--- START ---
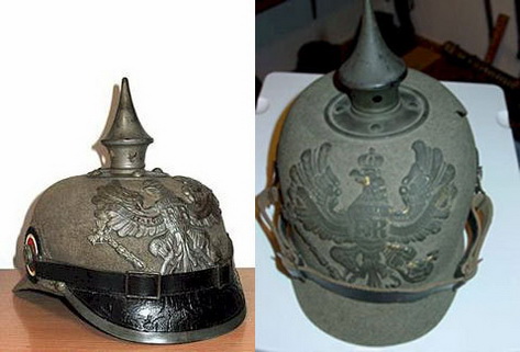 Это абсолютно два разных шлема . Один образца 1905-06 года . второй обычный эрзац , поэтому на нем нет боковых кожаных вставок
--- END ---
--- START ---
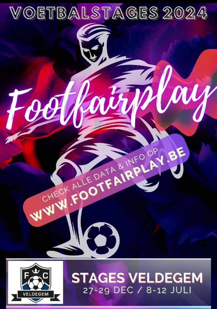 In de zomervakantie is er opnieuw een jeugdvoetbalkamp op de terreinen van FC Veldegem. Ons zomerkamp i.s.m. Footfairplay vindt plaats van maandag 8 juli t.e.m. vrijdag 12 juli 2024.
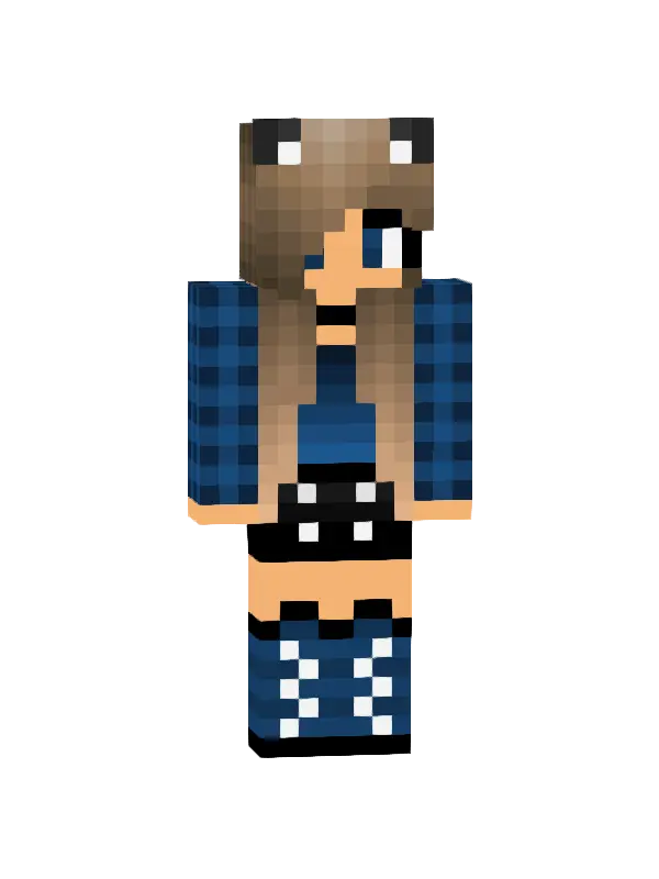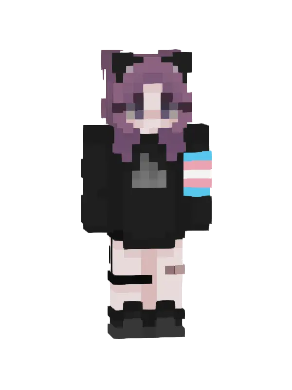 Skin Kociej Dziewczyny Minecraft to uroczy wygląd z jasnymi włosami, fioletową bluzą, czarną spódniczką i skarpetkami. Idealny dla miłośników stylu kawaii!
--- END ---
→ **Exercise**
Everything from the line with "In de zomervakantie" through the line with "Skin Kociej Dziewczyny" in the material above should be transcribed exactly, except the pictures.

→ **Answer to this exercise**
 In de zomervakantie is er opnieuw een jeugdvoetbalkamp op de terreinen van FC Veldegem. Ons zomerkamp i.s.m. Footfairplay vindt plaats van maandag 8 juli t.e.m. vrijdag 12 juli 2024.
 Skin Kociej Dziewczyny Minecraft to uroczy wygląd z jasnymi włosami, fioletową bluzą, czarną spódniczką i skarpetkami. Idealny dla miłośników stylu kawaii!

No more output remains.